O levantamento caracterizava o perfil dos estudantes sobre o futuro profissional, divididos em seis categorias. Deles, 35% se mostraram inseguros — com medo de fazer escolha errada —, 19% estagnados — vão parar de estudar após o ensino médio —, 14% decididos — vão trabalhar ou estudar depois de terminar a escola, com tendência a trabalhar —, 12% orientados — aqueles que têm orientação para a carreira, que desejam fazer faculdade —, 10% indecisos — não sabem o que fazer após o ensino médio — e 10% pessimistas — jovens que entendem que o fato de estarem em colégio público limita a entrada numa universidade.
 
Para Heliani, com os resultados foram verificadas várias carências em relação à expectativa do jovem para a escolha da carreira. “Com o projeto, pretendíamos saber como os jovens são influenciados para seguir a carreira e explicar que, depois do ensino médio, tem um caminho a ser percorrido que é a universidade”, disse.

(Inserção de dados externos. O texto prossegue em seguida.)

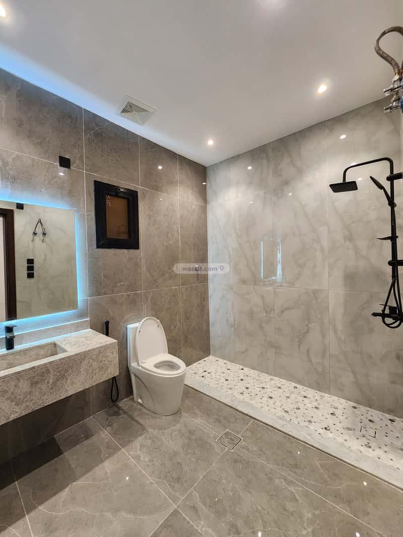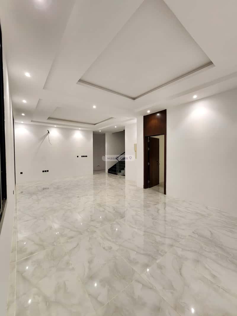 الدور الأول غرفة نوم + غرفة ملابس + ثلاث غرف اخرى + بلكونه جانبيه وثلاث دورات مياه

A pesquisa, de acordo com ela, buscou olhar para a questão subjetiva dos alunos, suas perspectivas e tratar sobre a inclusão do estudante de escola do ensino público nas faculdades.
 
“A maioria dos alunos não necessariamente entende que vai para a universidade, pois isso não está em primeiro plano para eles. Esses jovens que cursam o ensino médio não têm conhecimento sobre as universidades públicas. Existe um medo e a incerteza de escolher e não se dar bem no curso. Acham que, por serem de escola pública, dificilmente entram em universidade pública. Eles têm dúvidas. Há a necessidade de explorar os caminhos para entrada na universidade e direcioná-los para a formação”, completou a professora.
 
Segundo Heliani, os pais exercem influência nos resultados analisados. Os responsáveis legais pelo grupo dos orientados têm maior escolaridade e maior renda. Outro fator de alteração é a questão de gênero. A maioria das mulheres está entre a categoria das decididas, orientadas e também das pessimistas. “Talvez elas estejam neste último grupo pelo fato do caráter social que envolve o assunto”, afirmou.